Vladimir Putin meets Alexander Lukashenko in September
Vladimir Putin’s close ally Alexander Lukashenko has made a huge intervention after warning Russia and Ukraine are locked in a “serious stalemate” as he called for sit-down peace talks and an end to the brutal war.
The Russian and Belarusian presidents have been close allies for several years, with territory in Lukashenko’s neighboring country used as a launch pad for Russia’s full-scale invasion of Ukraine in February 2022. They have also held regular meetings since the start of the war.
In June, Belarus started taking delivery of Russian tactical nuclear weapons in a chilling new development in the seemingly blossoming relationship between the two allies.
But the stunning new U-turn from Lukashenko is the first time he has come forward seeking a truce in the conflict.
He said in a question-and-answer video posted on the website of the Belarusian state news agency BelTA: “There are enough problems on both sides and in general, the situation is now seriously stalemate – no one can do anything and substantively strengthen or advance their position.
“They’re there head-to-head, to the death, entrenched. People are dying. We need to sit down at the negotiating table and come to an agreement.

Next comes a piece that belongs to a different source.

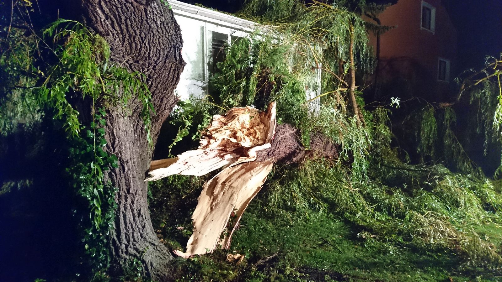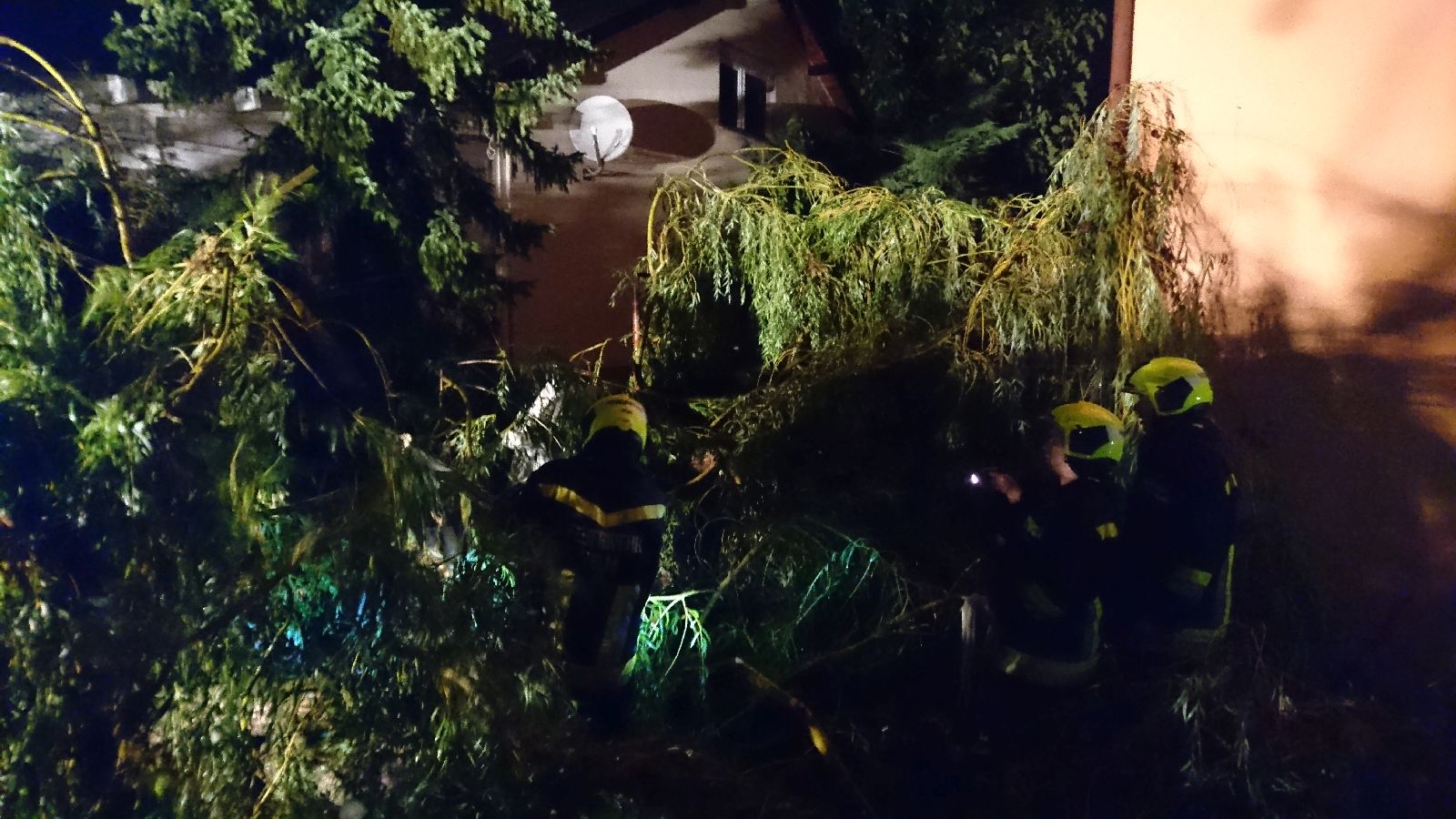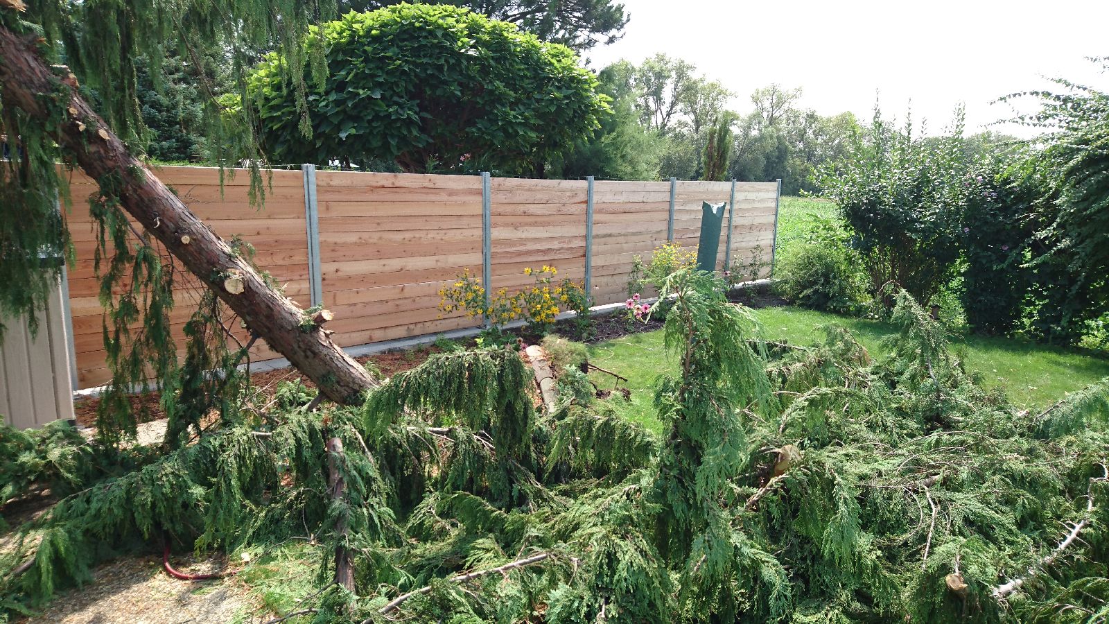 Einsturzgefahr beim Wintergarten, Äste im Gefahrenbereich geschnitten, Zugangsbereiche rund um die betroffenen Häuser freigemacht |

“As I once said – no preconditions are needed. The main thing is that the ‘stop’ command is given.”
Lukashenko added Ukraine’s demands for Russian troops to leave its territory in the ongoing and brutal war needs to be resolved to ensure that “nobody dies”.
Earlier this month, the Belarusian president warned the US was pushing Russia and Putin toward using nuclear weapons in what would be a massive escalation in the Ukraine war.
Lukashenko further warned that if such a missile hit Russian territory, it would trigger a “colossal” response from Moscow.
These comments came just hours after Putin had made his most devastating nuclear threat so far in the war after saying the ‘Satan-2’ and ‘Flying Chernobyl’ missiles would be ready soon, while also touting their destructive ability.
He warned Russia had “practically finished work on the modern strategic weapons that I have been talking about and I announced a few years ago”.
The “Flying Chernobyl” Burevestnik missile is known for its capability to stay airborne for extended periods.
Should the missile be deployed, it would be a game changer for Russia, allowing it to strike with a potential range of 14,000 miles.